■ **Given material**
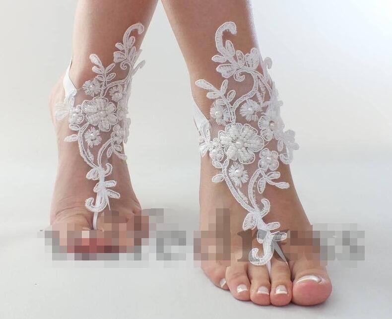 Grosshandel Wunderschone Brautschuhe Weiss Fur Strand Hochzeit Free Size Perlen Braut Zubehor Spitze Applikationen Fusskette Auf Lager Von Newdeve
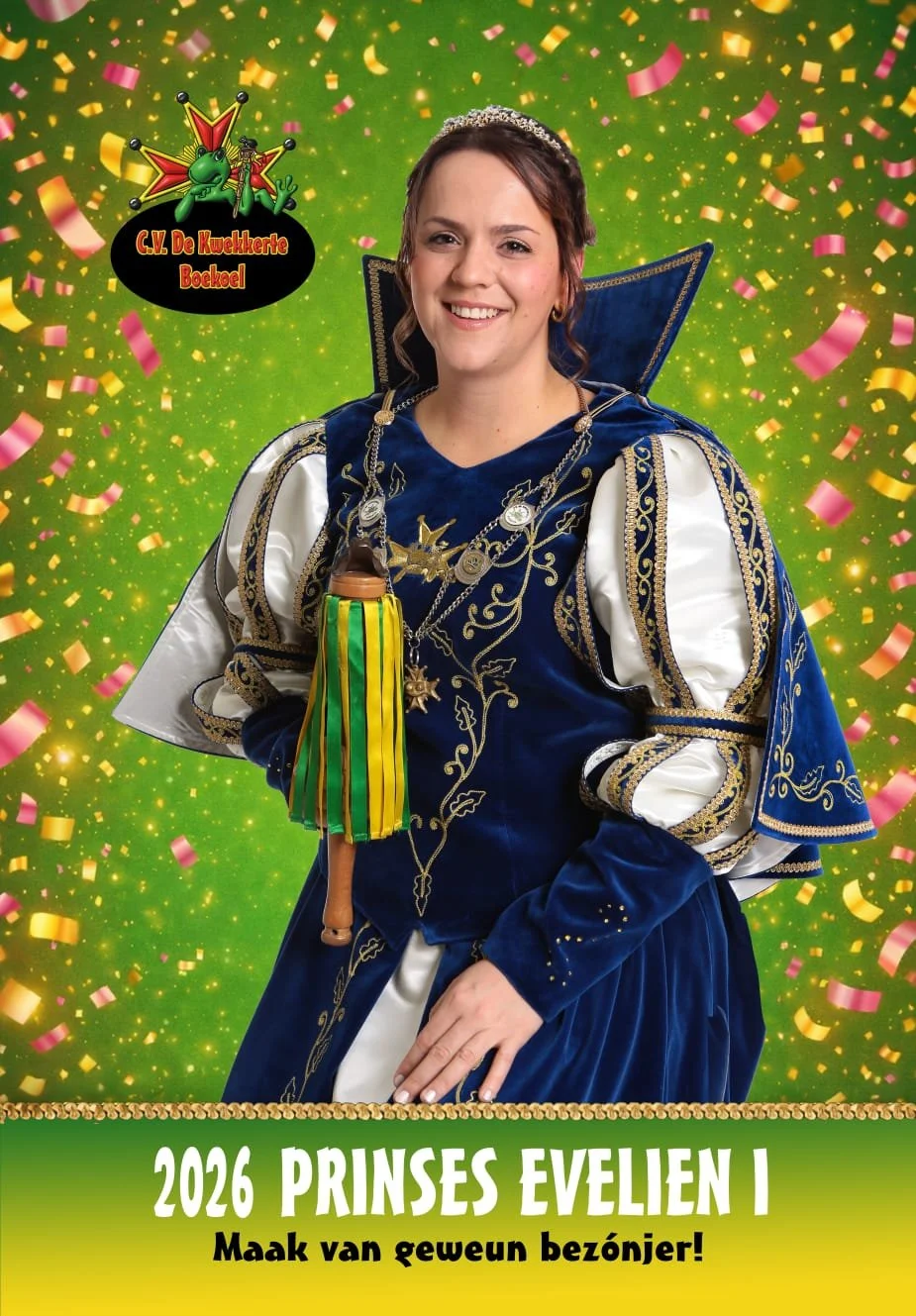 H.D.H Prinses Evelien I (Evers) nuje veurgengster 2026 en eerste prinses biej CV De Kwekkerte Boekoel
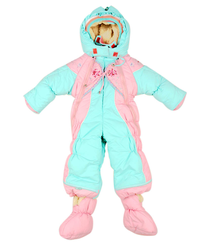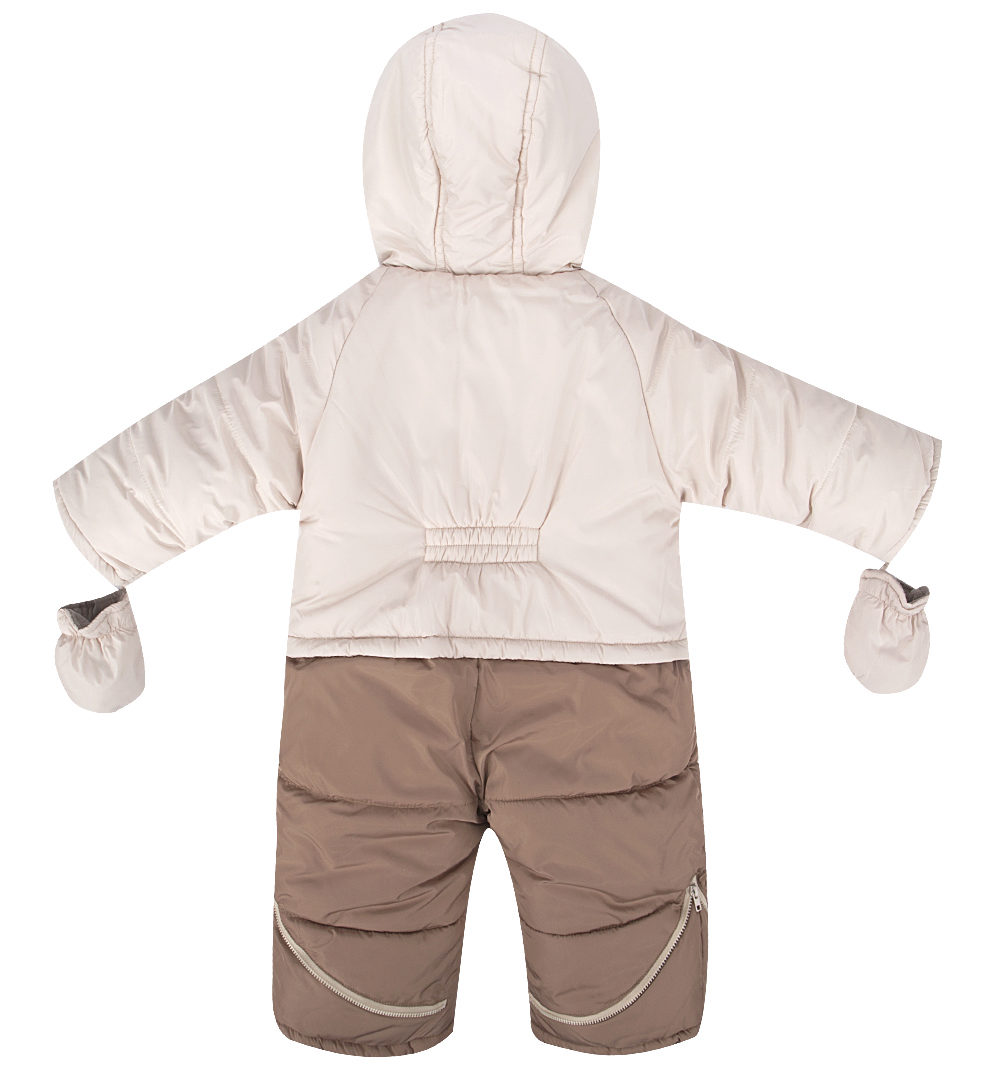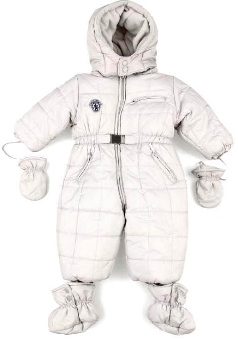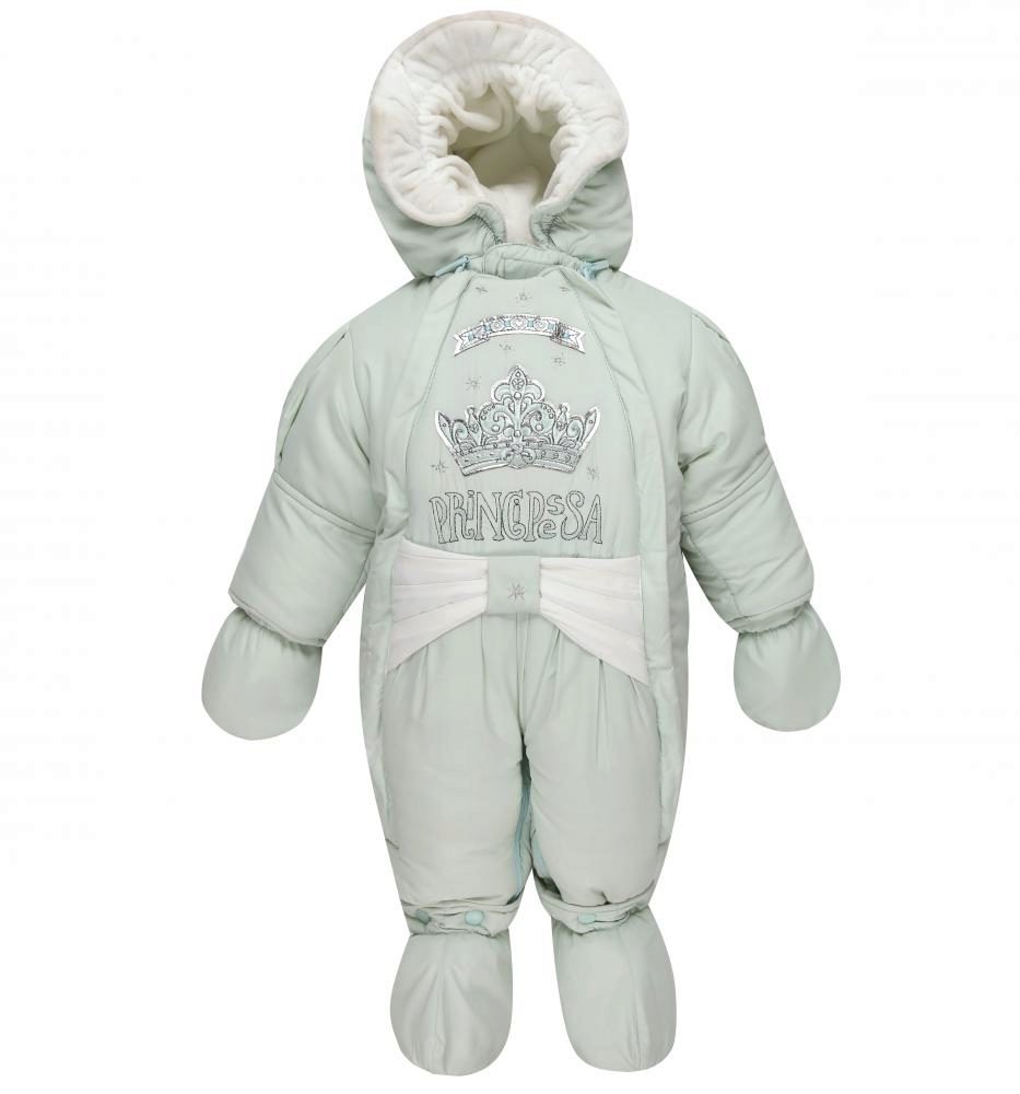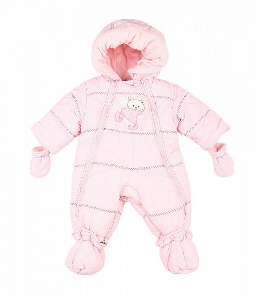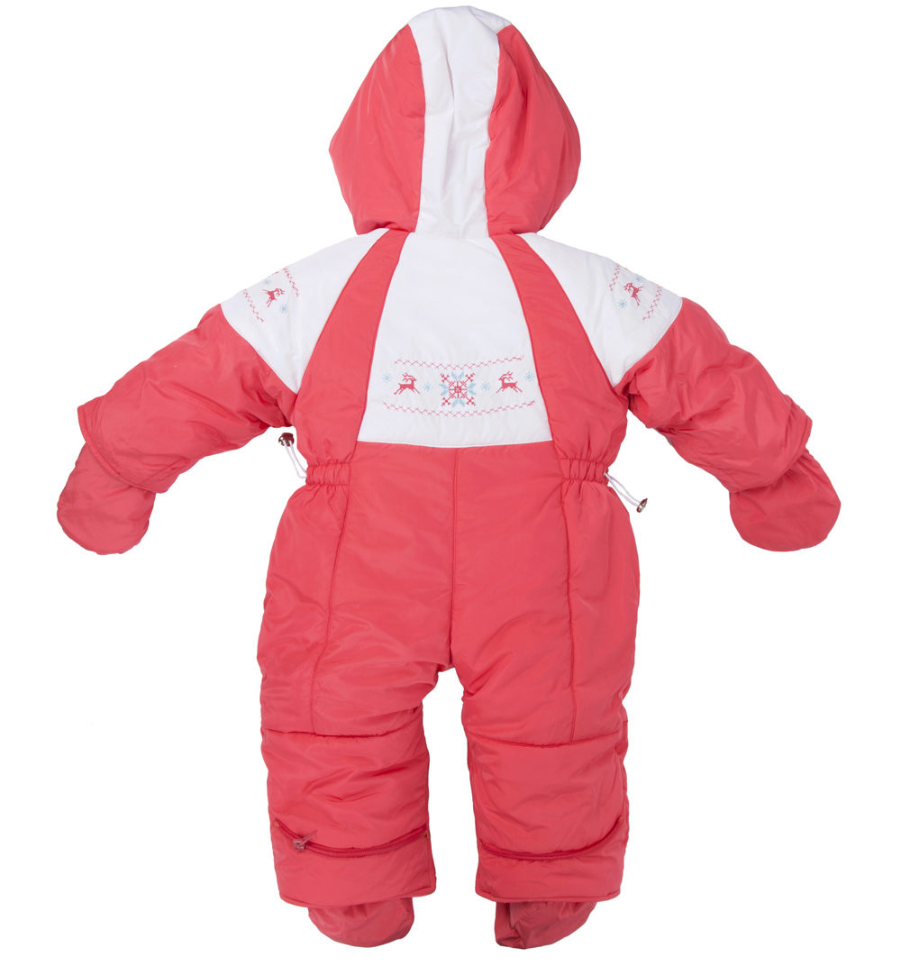 There are elastic bands at the bottom of the legs, and in addition there are soft booties so that the baby’s feet are always warm. Handles are made for soft mittens that are attached to the sleeves. The deep hood has a cord in the drawstring, with which you can adjust the girth of the face.

■ **Problem statement**
Repeat the lines above, starting at the first and stopping after the line that holds "H.D.H Prinses Evelien", with the pictures left out.

■ **Task solution**
 Grosshandel Wunderschone Brautschuhe Weiss Fur Strand Hochzeit Free Size Perlen Braut Zubehor Spitze Applikationen Fusskette Auf Lager Von Newdeve
 H.D.H Prinses Evelien I (Evers) nuje veurgengster 2026 en eerste prinses biej CV De Kwekkerte Boekoel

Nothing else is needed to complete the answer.